Systems Programming 101
To implement what we've seen, we will need two techniques from systems programming:
- pointers
- unsafe casts
A pointer is a representation of the location of a piece of data. A Ptr[T] stores the location of a T, as a 8-byte unsigned integer.
An unsafe cast lets us treat a Ptr[T] as any other type, typically another Ptr[X] or just Long
Data structures designed for generic programming in C often have a "void pointer" field for custom data structures.
In Scala Native we represent these as Ptr[Byte]
Example: Memory Allocation
val raw_data:Ptr[Byte] = malloc(sizeof[Long])
val long_ptr:Ptr[Long] = raw_data.asInstanceOf[Ptr[Long]]
// the ! operator updates a pointer's contents on the left-hand side
!long_ptr:Ptr = 0
// on the right-hand side, it dereferences the pointer to read its value
printf(c"pointer at %p has value %d\n", long_ptr:Ptr, !long_ptr:Ptr)
!int_ptr = 1
printf(c"pointer at %p has value %d\n", long_ptr:Ptr, !long_ptr:Ptr)
//this will segfault
free(raw_data)
printf(c"pointer at %p has value %d\n", long_ptr:Ptr, !long_ptr:Ptr)
not shown: arrays and pointer arithmetic
Example: C FFI
@extern
object Quicksort {
type Comparator = CFuncPtr2[Ptr[Byte],Ptr[Byte],Int]
def qsort(array:Ptr[Byte],num:CSize,size:CSize,cmp:Comparator):Unit = extern
}
- Scala Native code can call C functions
- C functions can call SN code too!
- But C functions aren't like Scala functions: they are static
- This constrains some design patterns
Example: C FFI
@extern
object Quicksort {
type Comparator = CFuncPtr2[Ptr[Byte],Ptr[Byte],Int]
def qsort(array:Ptr[Byte],num:CSize,size:CSize,cmp:Comparator):Unit = extern
}
object App {
type MyStruct = CStruct3[CString,CString,Int]

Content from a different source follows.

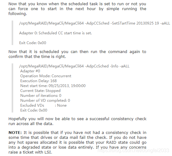 [root@kvm_100_67_159_143 ~]# /opt/MegaRAID/MegaCli/MegaCli64 -AdpCcSched -Info -aALL

val myStructComp = new Comparator {
def apply(left:Ptr[Byte],right:[Byte]):Int = {
val l = left.asInstanceOf[Ptr[MyStruct]]
val r = right.asInstanceOf[Ptr[MyStruct]]
l - r
}
}
def main(args:Array[String]):Unit = {
// ...
val data:Ptr[MyStruct] = ???
val data_size = ???
qsort(data,data_size,sizeof[MyStruct],myStructComp)
// ...
}
}
Greenspun's tenth rule
- Void pointers, function arguments, and casts are C's affordances for generic programming
- This technique feels closer to a dynamic language than a type-safe one, but it suffices
- LibUV's callbacks will let us insert enough Scala Native code into the event loop to provide a full concurrent environment (without leaking unsafe details)
- So how does it work?
"Any sufficiently complicated C or Fortran program contains an ad hoc, informally specified, bug ridden, and slow implementation of half of Common Lisp"
ExecutionContext from Scratch
- Scala Native includes an EC already
- The catch - it runs after main() returns
object ExecutionContext {
def global: ExecutionContextExecutor = QueueExecutionContext
private object QueueExecutionContext extends ExecutionContextExecutor {
def execute(runnable: Runnable): Unit = queue += runnable
def reportFailure(t: Throwable): Unit = t.printStackTrace()
}
private val queue: ListBuffer[Runnable] = new ListBuffer
private[runtime] def loop(): Unit = { // this runs after main() returns
while (queue.nonEmpty) {
val runnable = queue.remove(0)
try {
runnable.run()
} catch {
case t: Throwable =>
QueueExecutionContext.reportFailure(t)
}
}
}
}
LibUV's event loop
We just need to adapt a queue-based EC to libuv's lifecycle of callbacks
- We queue up work
- A prepare handle run immediately prior to IO
- It runs tasks until the queue is exhausted
- When there are no more tasks and no more IO, we are done!
- The catch - how do we track IO that isn't a Future?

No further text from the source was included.